Saini: Let’s say you build a chat component and then you want to create a chat application or a collaborative application; you can reuse that component across multiple applications very easily. The whole platform, literally, from a developer standpoint only has two APIs, so you can use the tools out of the box. You build your components using existing tools and existing IDEs. So if you don’t want to use just Java, you can use C or C++. We even have people building components in Visual Basic. And a non-programmer can actually take existing components, drag and drop them onto a screen, and link them to another application. With our approach, you need zero consulting. The whole concept is to drive down the cost of the consulting.

InfoWorld: How does that work?

Saini: The programmer or the developer of the component only lives within his own component world. So now the process of assembling an application is distinct from the process of creating the components themselves.

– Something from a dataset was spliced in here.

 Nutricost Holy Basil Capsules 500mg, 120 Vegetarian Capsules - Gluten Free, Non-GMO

InfoWorld: How do Web services fit within your architecture?

Saini: If you look at it, Web services [are] nothing but a software abstraction. We have a very simple wrapper for Web services that is extremely effective. On my screen, I can drag, drop, and connect to any Web services component, and suddenly I have dynamically composed an application which is taking data from one Web service in Los Angeles, processing it on some machine, and sending it to another Web service in New York. It can then pull together data and send it to a Web service in Denver. And then on to a Web service in Tokyo that is an Excel spreadsheet sending a report to London. And you can do it all sitting in San Jose, [Calif].

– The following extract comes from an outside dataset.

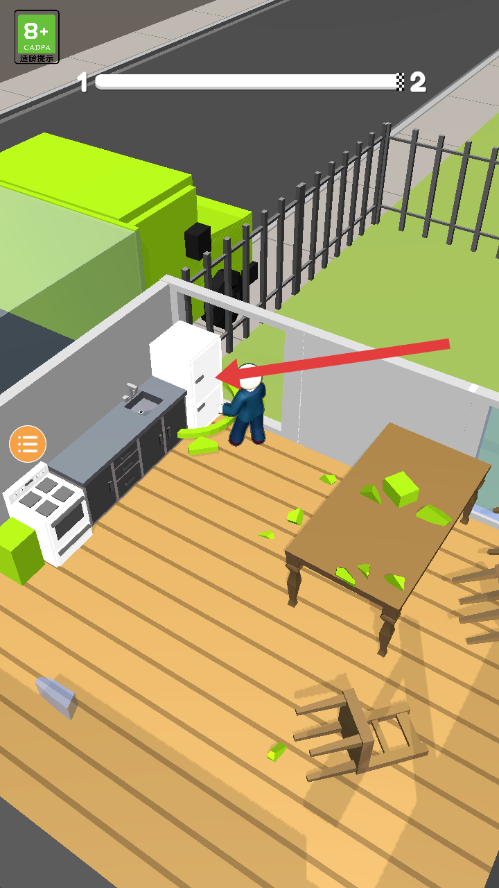 2、室內場景中將白色冰箱等家具挪動到合適位置然后搬走,同時清理周圍散落的綠色碎塊,整理空間。

InfoWorld: How do you handle security in that model?

Saini: Because a component can be dynamically installed anywhere, we have a very elegant security model with many levels of roles-based security. Data transport between components can be encrypted at any level. And we have authentication at the application level, so that means if you log in as a production engineer, you may not be allowed to create a new component or deploy a component in a certain machine. You may only be allowed to run certain applications.

InfoWorld: So how does this change the way IT organizations should think about enterprise software?

Saini: There has to be a fundamental shift in thinking, and I am 100 percent convinced that this wave will catch on. Software can bend to meet the [needs of] business. There’s a distinction between the manager and the programmer here. We’re giving the power to the manager. It’s merely a question of looking at it differently. In our case, when you drag and drop components on a screen, those components are already pre-tested and they’re alive. If you click a button, the component is dynamically installed on the machine it needs to be installed on, and it runs. The application works out of the box.